The sequel remains pretty much as it is today:  repeat box office receipts with the same formula.  That itself is passable in the day of the studio system when film output to fill the theaters with product was required.  Sometimes it works  as in BRIDE OF FRANKENSTEIN (1935) and sometimes it doesn’t, as in ANGELS WASH THEIR FACES (1939).   MEN OF BOYS TOWN (1941) is stuck in between for  running the gambit of good and solid to  not working at all. It depends in what you look for in a sequel.

MEN OF  BOYS TOWN (1941) was the  sequel to the massive hit  BOYS TOWN (1938).  The picture featured  Spencer Tracy in one of his most endearing roles as  Father Flanagan.  Author James Curtis, in his exhaustive biography of Tracy, mentioned that the actor hated the role and thought he  looked ridiculous in the collar.  Tracy  was  a devout Catholic himself, and was racked with guilt about his son being born deaf and prone to drink. Tracy felt that he was a failure as man for not having a healthy child as he still loved his son deeply. Tracy also wondered if  he was doing the real Father Flanagan justice with his  portrayal of him in the film as he himself was so inadequate.

Mickey Rooney takes a break from ANDY HARDY series and musicals with Judy Garland to reprise the  role of the grown up Whitey Marsh who in the first film was the smart, wise cracking tough guy that changes over the film to a compassionate person that helps others.

Bobs Watson, or the  ‘Hollywood cry baby,’ as he was known,  was gifted with the ability to shed buckets of tears on cue and is back as the cherubic faced, happy , smiling Pee Wee.

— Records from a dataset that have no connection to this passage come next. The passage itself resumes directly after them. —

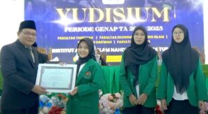 IAINUonline – Institut Agama Islam Nahdlatul Ulama (IAINU) Tuban menggelar Yudisium untuk periode genap tahun akademik 2024/2025, Sabtu (30/8/2025). Kegiatan yang digelar di aula KH. Hasyim Asy’ari kampus IAINU Tuban ini diikuti sekitar 200 mahasiswa. Yudisium kali ini dengan tema Tema Membangun Generasi Islam yang Berdaya Saing Global. Dalam acara juga diserahkan pengargaraan pada mahasiswa berprestasi dengan IPK tertinggi.
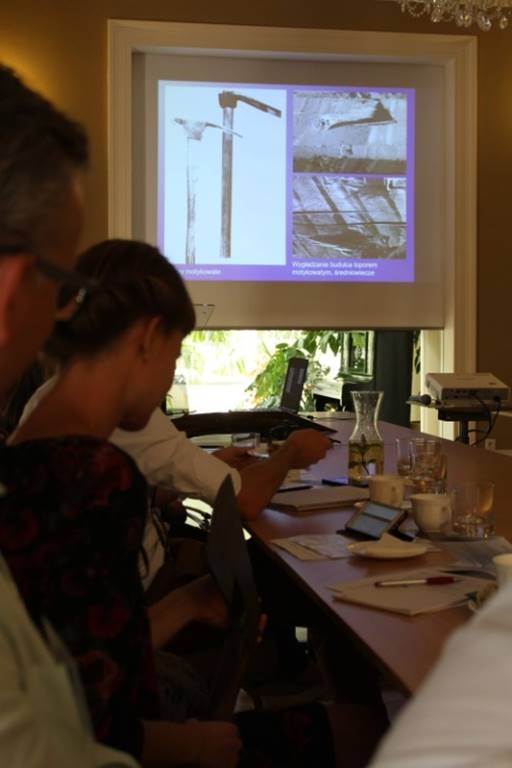 Dnia następnego, w sali konferencyjnej XIX-wiecznego pałacu hr. Starzeńskich, oficjalnie rozpoczęła się piąta edycja Szkoły Letniej PKN ICOMOS. Dzień ten w całości został poświęcony wykładom - zapoznani zostaliśmy z formami ochrony budownictwa drewnianego, technicznymi i historycznymi aspektami materiału budowlanego, jakim jest drewno. Były także wykłady dotyczące badań i dokumentowania obiektów zabytkowych zbudowanych z drewna oraz referaty prezentujące zagadnienie tzw. warszawskiego świdermajer. Przekazana wiedza miała nas wprowadzić w kolejny dzień, który określić można mianem „objazdu”. Referaty były niezwykle interesujące i pełne ciekawostek. I tak na ten przykład dowiedzieliśmy się, że tłoka ciesielska to nie urządzenie, a piękny słowiański zwyczaj pomocy sąsiedzkiej i jednocześnie niezwykle ciekawy projekt, który zamierza zrealizować Muzeum w Ciechanowcu.
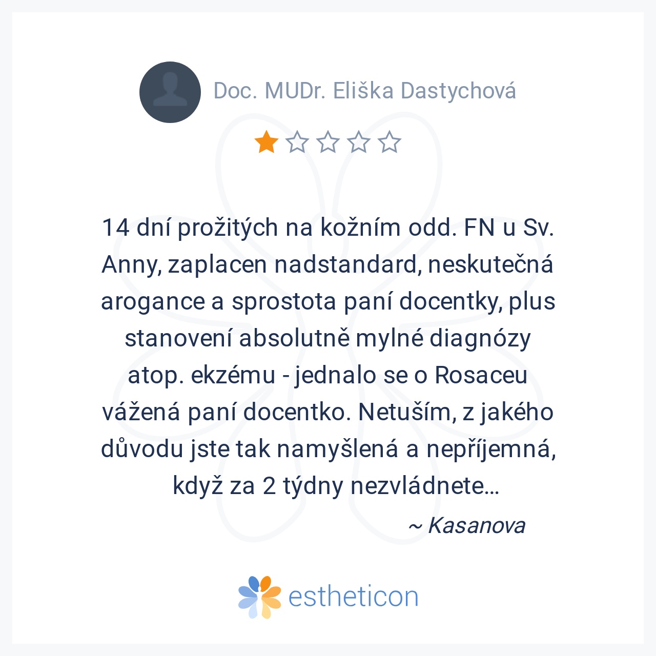 14 dní prožitých na kožním odd. FN u Sv. Anny, zaplacen nadstandard, neskutečná arogance a sprostota paní docentky, plus stanovení absolutně mylné diagnózy atop. ekzému - jednalo se o Rosaceu vážená paní docentko. Netuší... Více

The picture opens with Whitey (Mickey Rooney),  who has now grown to be the mayor of Boys Town, announcing to the throng that Father Flanagan is returning. The school has reached a financial crisis as Father Flanagan reveals that he has borrowed the money to build the  new school facilities and all the loans are about to come due to his partner and financial officer of the school,  David Morris (Lee J. Cobb).   The new facilities are needed because of the policy to help every boy that comes to them as a result.   This fact is wonderfully illustrated in a moment with Whitey and two runaways from a brutal reform school that find themselves with no place to go, only to be taken in by Father  Flanagan.

Flanagan is called away to the criminal trial of  a boy, Ted Martley (Larry Nunn), who stands accused of killing a guard at a nearby  reform school.   Ted is unable to rise to hear his verdict as he is confined to a gurney due to paralyzed legs inflicted by the guards’  treatment.

Martley is taken to the infirmary of  Boys Town where he broods and does not smile, no matter how hard the other boys try to cheer him up. Whitley, Pee Wee and the gang try everything to make Martley smile, including a personally staged show with comic skits  featuring a  very inventive slow motion wrestling duo. All are met by stone cold silence.

Later, when a older couple, M.r and Mrs. Maitland ( Henry O’Neill and Mary Nash) come to Boys Town they bring a dog that Whitey mistakenly brings to Martley that breaks his brooding. Marley calls the dog Bohunk, yet doesn’t know it already has a home.

Moments  in  MEN OF  BOYS TOWN (1941) link up similar to the first film as boys  are  adopted. Miracles happen in the infirmary.  The brutal reform school is found out.  Whitey is adopted by the Maitlands, who have lost a son.  His  exit from Boys Town comes complete with Auld Lang Syn sung by the  actual Boys Chorale group. It goes for the tears, which happen in full buckets from Rooney, Bobs  Watson and others.   The Maitlands’ life of  parties and clothes does not work out. Rooney gets to dance at school dances in a sequence as he feigns not having the ability to hoof.  He rebels and gets tangled up with a young pint sized thug, Flip Brier (Darryl Hickman).  Interesting dialogue and actions as  Whitey tries  to deal with and reform and a smaller version of himself complete with gangster one liners and guns.

MEN OF BOYS TOWN (1941) was directed by Norman Taurog, who went on later to direct mainly teen beach musicals and some Elvis Presley films.  Some sequences were shot  at the real Boys Town in Omaha, Nebraska.

MEN OF  BOYS TOWN (1941) delivers the same sentimental feeling as the first film without the novelty.  Tracy is  steady in the role, offering a soothing voice,  even enjoying a game of handball in full robes.  The cast had grown up and  abilities had changed.  The ham radio technology is evident and plays a crucial part in the picture.  Many little sequences of fun like Flanagan hiding chocolates from Pee Wee and leading him on a  game of ‘hot and cold,’ only to amusingly ask him to empty his pockets when he takes too much. Justice is served as Father Flanagan’s line, ‘There is no such thing as a bad boy,”  sets the pattern for enjoyable if not sentimental fun.